_Stored data entries_:
——————

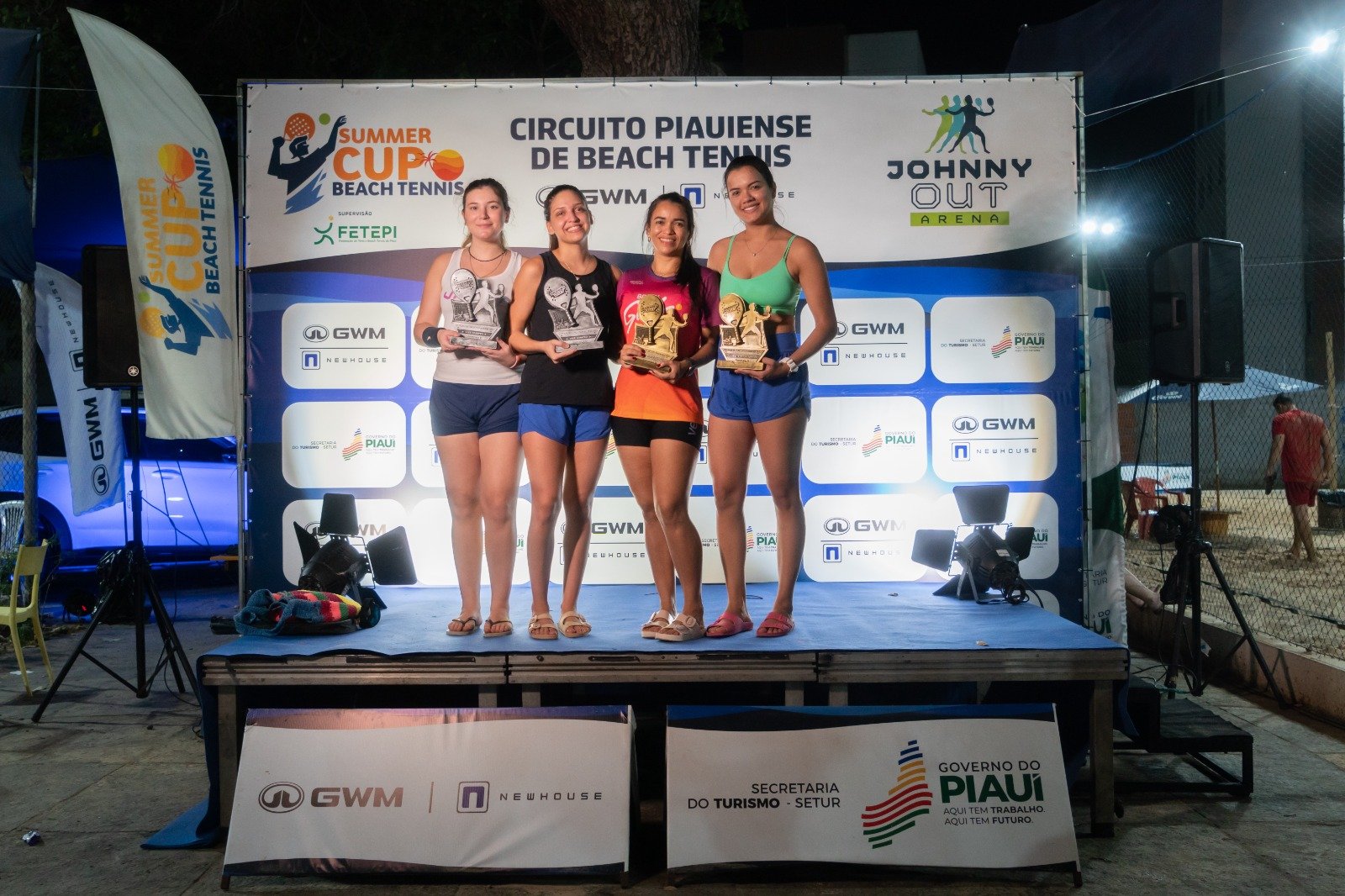 Após quatro dias de competição, os organizadores do circuito Summer Cup de Beach Tennis encerraram neste domingo (24) a primeira fase da 7ª etapa do Circuito Piauiense de Beach Tennis, que é evento supervisionado pela Federação de Tênis do Piauí – FETEPI. O evento, que aconteceu de quinta a domingo na Arena Jhonny Out, reuniu 300 competidores em duplas. A premiação começou no final da tarde com troféus para os campeões.
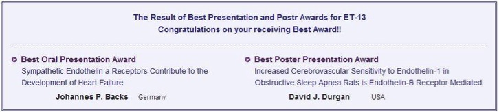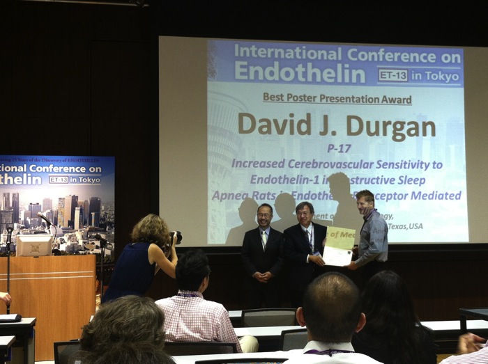 Dr. David J. Durgan, UT Southwestern Medical Center, Dallas, U.S.A., received the ET-13 Best Poster Presentation Award
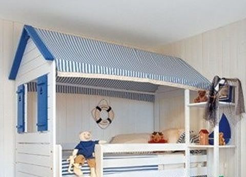 La parte inferiore non è stata utilizzata come letto bensì come ripostiglio per i giochi dei bimbi, chiudendo il tutto con delle simpatiche tendine dello stesso colore del tetto.
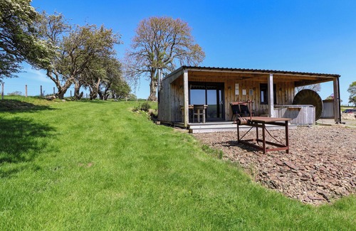 Fenlli consists of an open-plan living space with an electric oven and hob, fridge, kettle, toaster, a dining space, and sitting area with TV, plus a sofa bed sleeping two additional guests. There is a double bedroom with TV, serviced by an en-suite shower room. Outside there is a non-enclosed covered decking with furniture and hot tub, plus off-road parking for one car. Within 0.3 miles or less you will find a shop and a pub, and please note this is a smoke-free and pet-free property. Highchair available. WiFi, fuel, power, bed linen, and towels included in the rent. Make a romantic retreat to Flintshire with a stay at Fenlli. Note: This property does not accept children. Note: On a working farm.
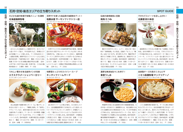 各エリアの冒頭には、その地域でおすすめのグルメや買い物の立ち寄り情報を掲載。さらに、アウトドアや北海道旅の達人たちによるアウトドアコラム「キャンプ談話室」や、各地のネイチャー&観光情報「AREA GUIDE」などの読み物も掲載しました。

——————

Only the lines from the one containing "Dr. David J." through the final line of the records should be transcribed, exactly and with no pictures.

 Dr. David J. Durgan, UT Southwestern Medical Center, Dallas, U.S.A., received the ET-13 Best Poster Presentation Award
 La parte inferiore non è stata utilizzata come letto bensì come ripostiglio per i giochi dei bimbi, chiudendo il tutto con delle simpatiche tendine dello stesso colore del tetto.
 Fenlli consists of an open-plan living space with an electric oven and hob, fridge, kettle, toaster, a dining space, and sitting area with TV, plus a sofa bed sleeping two additional guests. There is a double bedroom with TV, serviced by an en-suite shower room. Outside there is a non-enclosed covered decking with furniture and hot tub, plus off-road parking for one car. Within 0.3 miles or less you will find a shop and a pub, and please note this is a smoke-free and pet-free property. Highchair available. WiFi, fuel, power, bed linen, and towels included in the rent. Make a romantic retreat to Flintshire with a stay at Fenlli. Note: This property does not accept children. Note: On a working farm.
 各エリアの冒頭には、その地域でおすすめのグルメや買い物の立ち寄り情報を掲載。さらに、アウトドアや北海道旅の達人たちによるアウトドアコラム「キャンプ談話室」や、各地のネイチャー&観光情報「AREA GUIDE」などの読み物も掲載しました。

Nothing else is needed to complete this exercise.